Questa, devo dire la verità, è una fortunata eccezione. Tenga conto che in Italia, il sistema ricerca, ha una principale fonte di finanziamento che è il Ministero della Ricerca Scientifica: nel nostro paese solo pochi mesi fa si è fatto un nuovo turno di finanziamento, ma dopo tre anni… Nel nostro caso specifico, ci è andata bene 3 anni fa, il progetto era autorevole e ambizioso e mi permetto di dire che ha portato a grandi risultati in tutte le sue varie parti. Ora continueremo a lavorare anche senza risorse economiche, purtroppo usando le risorse umane, nel senso di laureandi, dottorandi, cioè giovani che inseguono il sogno della ricerca.

Proprio parlando di Alzheimer, anche la dott. Spadin dellAIMA ci aveva già fatto notare come in realtà si crei in questo modo un circolo vizioso che probabilmente andremo a scontare da qui a qualche anno…

Certo. L’Alzheimer costa al paese tantissimo e costerà sempre più. Perché ogni malato è inserito in un sistema famiglia e si tratta di malattie lunghe visto che non c’è un immediato rischio di mortalità: per cui, a volte, si va incontro ad anni e anni di cure con costi altissimi. Quindi non investire in ricerca, vuol dire aumentare notevolmente le voci di spesa.

Il vostro studio, però, sembra dare buone speranze.
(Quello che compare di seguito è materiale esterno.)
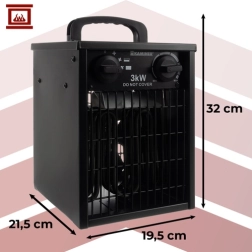 Електрическият отоплител KAMINER с мощност 3000 W е идеален за дома, офис, работилница и строителни обекти. Благодарение на силния въздушен поток 514 m³/h бързо достига желаната температура и я поддържа чрез саморесетиращ се термостат. Степента на защита IPX4 осигурява безопасна употреба и във по-влажна среда.

Quindi la ricerca se ben indirizzata dà i suoi frutti?

Bisogna considerare, che, purtroppo, c’è sempre il problema del salto tra il dato scientifico e l’applicazione. Allo stato attuale, poi,  quando una persona è in una fase di Alzheimer sostanzialmente espresso, non c’è trattamento che tenga: la neurodegenerazione non può essere arrestata. Quando si presenta un quadro pre-clinico di decadimento cognitivo lieve, ugualmente, quasi assistiamo passivamente al fatto che a un certo punto si apre una forbice: alcuni convertono nella malattia, altri no. E, ovviamente, in tanti stanno lavorando per capire quale sia il meccanismo che scatta. Poi c’è un passo ancora precedente che interessa la genetica e la familiarità: ma, anche in questo caso, una volta appurata la presenza di fattori genetici che determinano un rischio alto, al momento, non c’è ancora la possibilità di bloccare l’Alzheimer. I centri in tutto il mondo lavorano in maniera diversa su tre fronti: miglioramento delle condizioni di chi ha già la malattia in corso; la parte più consistente si concentra sui quadri pre-clinici, cercando di individuare cos’è che fa la differenza; infine, c’è la ricerca nel futuro, quella che sposta le lancette ancora prima e lavora sul rischio genetico.